I'm a little confused Kav, wouldn't it be easier to tell how much alcohol is in the drink if it was there alone? In addition, I think BJ did Tonic and Gin because Gin is a heck of a lot easier to find something to rhyme with.


----------



## Coolidge24 (Mar 21, 2005)

Almost entirely a cocktail man. I don't spend a lot on alcohol, I buy Gordon's or Beefeater Gin and Smirnoff Vodka, J&B Scotch, E&J Brandy, Mount Gay Rum.

My favorite liquor is Gin.

My favorite cocktails:

Gin and Tonics (tonic must be Schweppes and a lime is required)
Sea Breezes
Cape Codders
Tom Collinses
Gibsons (I like the onions better than the olives)
Stingers
Madrases
Rum and Tonics
Gin Sours
J&B on the rocks is also fine
I will bring a flask of brandy to a football or hockey game if possible
White Star Champagne is good stuff too, but champagne's not an everyday item

On the rare occasion that I have beer I just get a generic, regular brand like Budweiser or St. Pauli Girl. I do not believe in Light Beer. Overall, I don't get much from beer.
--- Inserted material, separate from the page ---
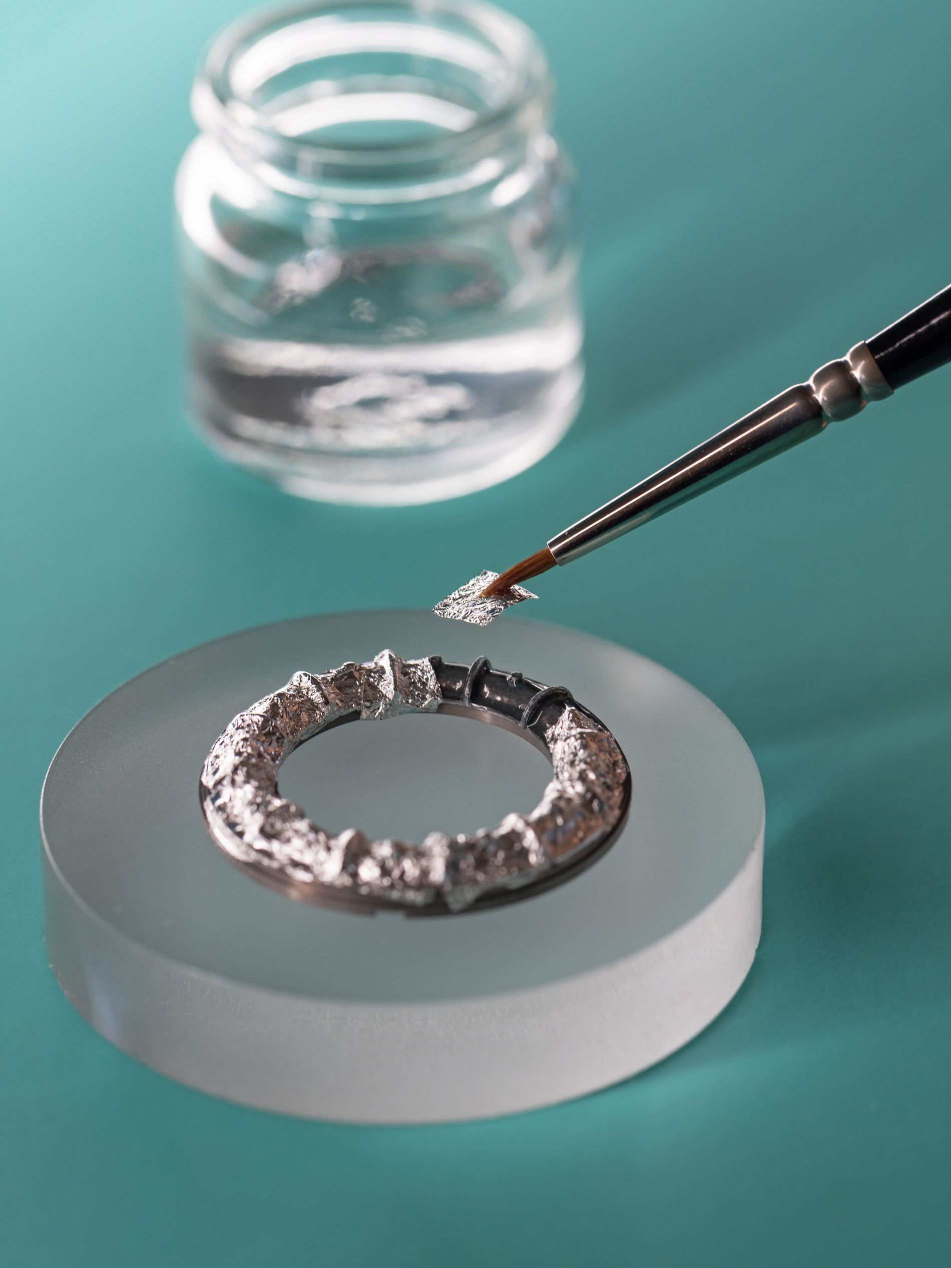 In a poignant homage to Schlumberger, the case back is artfully engraved with a sunburst pattern inspired by the creative's own Floral Arrows brooch, and is further embellished with 14 additional diamonds.

On the occasions that I drink wine: Sauvignon Blanc, or Sherry

As for proper ordering:
When I order any drink, it's simple. I just say "May I have a" (or if in a not so nice bar, "could I get a") [name of cocktail] please?"


----------



## jbmcb (Sep 7, 2005)

You can tell if a bar is any good really quick:

Me: "Could I get a highball, please?"
Waiter/ress: "Oh, um, OK."
Three minutes later...
Waiter/ress: "Um, a highball is a type of glass."
Me: "Right. Could I have a highball glass filled with ginger ale and a shot of whiskey?"
Waiter/ress: "Oh, right. OK."

If it's a particularly bad bar, they won't bother with a followup question and I'll get any random soft drink mixed with either rum or whiskey.

Preferred drinks:
A nice 12 or 18 year scotch, neat.
Highball (Crown Royal with Canada Dry ginger ale)
Gin & Tonic (Tanqueray with Canada Dry tonic)
Manhattan (after dinner)
Tequila (A nice Reposado; Herradura, or Dona Carolota, or Agaveiro liquor. Avoid anything by Cuervo, it's ALL garbage)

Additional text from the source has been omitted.